Тем временем Пинтерне разобрала вещмешки, истопила ванную, а потом осторожно вошла в столовую и встала у стены, разглядывая своих уже совсем взрослых сыновей. На глазах у нее опять выступили слезы, руки нервно перебирали ключи в кармане фартука.
— Теперь-то хоть никуда не уйдешь? — спросила она младшего.
Золтан закурил сигарету «Гонвед», угостил брата:
— Говорят, Будапешт полностью окружен.
— Боже! Кем же это?
Сын хмуро улыбнулся:
— Русскими, мама.
Геза тоже остолбенел:
— Когда это произошло?
— Говорят, сегодня вечером. — В этот момент издалека донесся гул, от которого слегка задрожали оконные стекла. — Точнее, пожалуй, это происходит именно сейчас.
Пинтерне схватила его за руки:
— Золика, сынок, умоляю, не уходи! Убьют ведь! Я тебя так спрячу, что никто не отыщет! Двери не открою, кто бы ни звонил!
Золтан на секунду закрыл глаза:
— Мы еще поговорим об этом, мама. Ты знаешь, я ведь не один.
— Если твоему другу негде жить, пусть остается у нас. Только молю, не уходи, сынок, у меня без тебя минуты спокойной не будет. Вот и отец ваш… Где его только нелегкая носит? Вот-вот пробьет восемь…
— А где он?
— Должен быть в школе, — скороговоркой ответила женщина. — Работает, бедняга, с утра до поздней ночи. И без всякой помощи, все делает один… Даже сегодня, на рождество… Они там упаковывают в ящики физические приборы. Такой дотошный, никому ничего не доверяет. «Мой долг, — говорит, — все спрятать в безопасном от бомбежек месте, чтобы сберечь школьное имущество.
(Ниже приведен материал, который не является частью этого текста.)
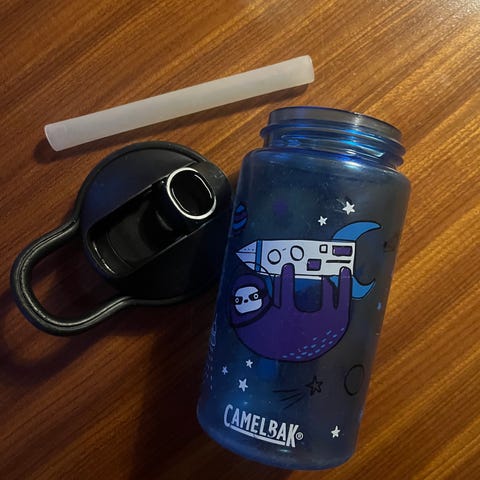 Brukte flasker i stål fra Camelbak, følger med ekstra sugerør til hver flaske, to av tuttene er byttet ut nylig, mens den tredje må mest sannsynligvis byttes ut. Slitt på undersiden.
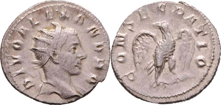 AR Antoninianus, Rv:"CONSECRATIO.", sedící orel, S.2184, RIC.97 - mincovna Mediolanum - ražba z let 249 - 251, nep.exc., pěkná patina R!
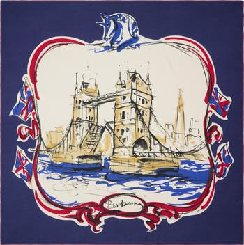 A scarf made in Italy from cashmere silk twill. The style is printed with hand-painted artwork depicting London’s Tower Bridge within a border of Union Jack flags, the Burberry logo and the horse from our Equestrian Knight Design.||Square|Hand-rolled edges|Printed Burberry lettering

Я за него отвечаю…»
Пинтерне поочередно приготовила обоим солдатам ванну. Золтан, погрузившись в теплую воду, тут же заснул. Пришлось его будить. У Гажо не оказалось сменного белья, и женщина отдала ему накрахмаленное и выглаженное белье из запасов сына. Они едва успели привести себя в порядок, как вернулся, директор школы Пинтер.
Он выглядел усталым и раздраженным, его настроение не улучшилось даже от приезда Золтана. До него тоже дошли слухи, что город окружен. Он устало опустился в кресло, пригладив натруженными длинными пальцами редкие седые волосы.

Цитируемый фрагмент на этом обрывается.